Users access the catalog via interfaces that integrate with services provided by AAVSO, NASA Exoplanet Archive, SIMBAD Astronomical Database, and portals utilized by observatories such as Royal Observatory Greenwich and Mount Palomar. Tools include search, cross-match, period analysis, and light curve visualization compatible with software like VStar, IRAF, TOPCAT, Astropy modules, and workflow systems used at CERN and data centers such as Centre de Calcul de l'IN2P3. APIs support automated queries by pipelines in surveys managed by teams at Caltech, Space Telescope Science Institute, Max Planck Institute for Astronomy, and data reduction centers at European Southern Observatory.

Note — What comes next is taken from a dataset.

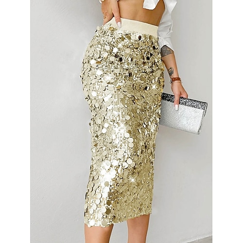 Per donna Gonna Aderente Elegante Moda Midi Vita Alta Gonne Semplice Paillettes Elasticizzato Feste Streetwear Argento Nero Oro Primavera Poliestere

Contributions and Community

The index is sustained by contributions from amateur observers affiliated with American Association of Variable Star Observers, professional astronomers from institutions like University of Cambridge, Massachusetts Institute of Technology, University of California, Berkeley, University of Oxford, and survey consortia including Pan-STARRS, LSST Science Collaboration, and GALEX. Citizen science platforms such as Zooniverse projects and outreach through museums like the American Museum of Natural History bolster participation. Peer-reviewed publications in journals like The Astrophysical Journal, Monthly Notices of the Royal Astronomical Society, Astronomy & Astrophysics, and conference proceedings of organizations like International Astronomical Union acknowledge VSX-sourced data.

Impact and Applications

The catalog underpins research across stellar astrophysics, distance scale work involving Leavitt Law studies and Hubble Space Telescope calibration, exoplanet transit vetting in missions like Kepler and TESS, and transient follow-up coordinated with networks such as Gamma-ray Burst Coordinates Network. It supports time-domain astronomy programs at facilities including Large Binocular Telescope, Gemini Observatory, SOAR Telescope, and contributes to education and outreach through university observatories like University of Chicago and amateur networks coordinating with International Dark-Sky Association. The index thereby informs discovery pipelines, archival research, and multi-wavelength campaigns involving instruments across agencies such as NASA, ESA, JAXA, and national observatory consortia.